Auch aus der Sicht potenzieller neuer Risiken spricht vieles für eine Investition in Sicherheitstechnologie: Der Trend geht von massenhaft vorgetragenen Angriffen zunehmend hin zu gezielten Aktionen, etwa mittels Spyware. Dabei spielt der Einfluss von kriminellen Gruppierungen auf den Markt eine immer größere Rolle. Es werden sogar Schadprogramme gezielt zur Spionage oder zur Erpressung der Wirtschaft entwickelt. Traditionelle Antiviren-Ansätze versagen hier typischerweise, da nur nach bekannten Virenprogrammen gesucht wird, jedoch nicht nach auffälligem Verhalten eines Systems oder Nutzers.
Was einsetzen?
Was sollte nun zum Einsatz kommen - IDS oder IPS? Der Trend geht klar in Richtung Prävention. Fast alle Hersteller von Intrusion-Detection-Systemen (IDS) haben sich auch in diese Richtung entwickelt. Laut Gartners „Magic Quadrant für Network Intrusion Prevention System Appliances“ sind Intrusion-Prevention-Systeme (IPS) prinzipiell IDS, die zusätzlich auch Signaturen für die eigentlichen Schwachstellen der Systeme und eine Anomalie-Erkennung enthalten.
Weiterhin besitzen IPS typischerweise eine höhere Performance für den Betrieb im Datenstrom (Inline-Betrieb). Dank diesem Betriebsmodus sind die Systeme in der Lage, Angriffe automatisch blockieren zu können. Einige IPS sind mit weiteren Sicherheits-Tools wie Antivirus, SPAM-Filter und Firewall kombiniert. Dies erscheint zunächst sinnvoll, bei näherem Hinsehen entpuppt sich die IPS-Funktion in diesen Geräten jedoch als sehr limitiert gegenüber dedizierten Appliances.

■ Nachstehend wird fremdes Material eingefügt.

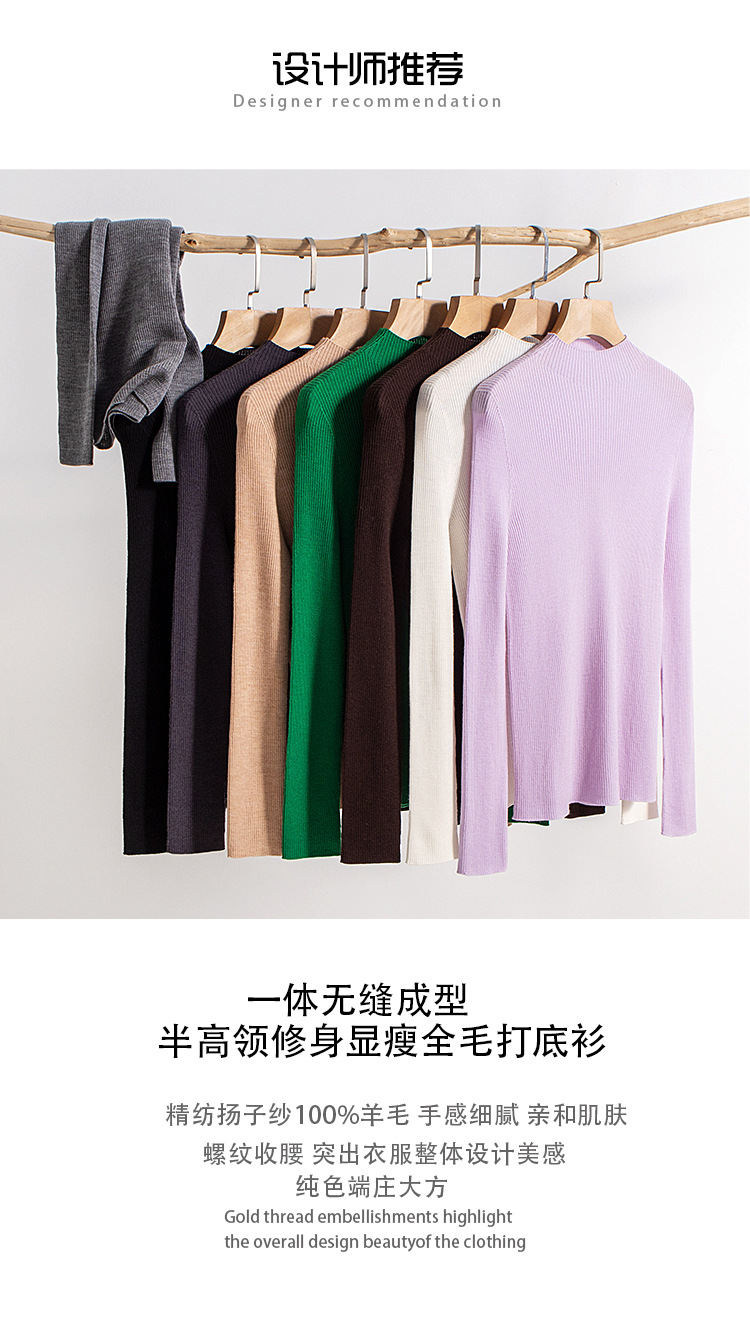 「自」全新升级【铂金会员266/天猫359/差价93】(12657)洛诗琳无缝一体针织上衣2025秋冬新款纯色百搭半高领羊毛衫

Zusätzlich wird es dem Angreifer damit leichter gemacht: Er muss nur noch ein System überwinden. Mal ganz abgesehen von den Performance-Implikationen eines solchen Systems. Daher sind dedizierte, verteilte Systeme zu bevorzugen, die zentral über ein Security-Management-System zusammengefasst und deren Ereignisse dann effektiv korreliert werden können.
Wo platzieren?
Wo sind nun IDS und wo IPS zu platzieren? Das National Institute of Technology (NIST) in den USA empfiehlt den Einsatz überall dort, wo Netzwerkverkehr aus „öffentlichen Bereichen in kontrollierte oder private Bereiche“ eintritt – der Perimeter-Security-Ansatz, also zwischen Internet/Extranets und dem eigenen Intranet in der demilitarisierten Zone (DMZ).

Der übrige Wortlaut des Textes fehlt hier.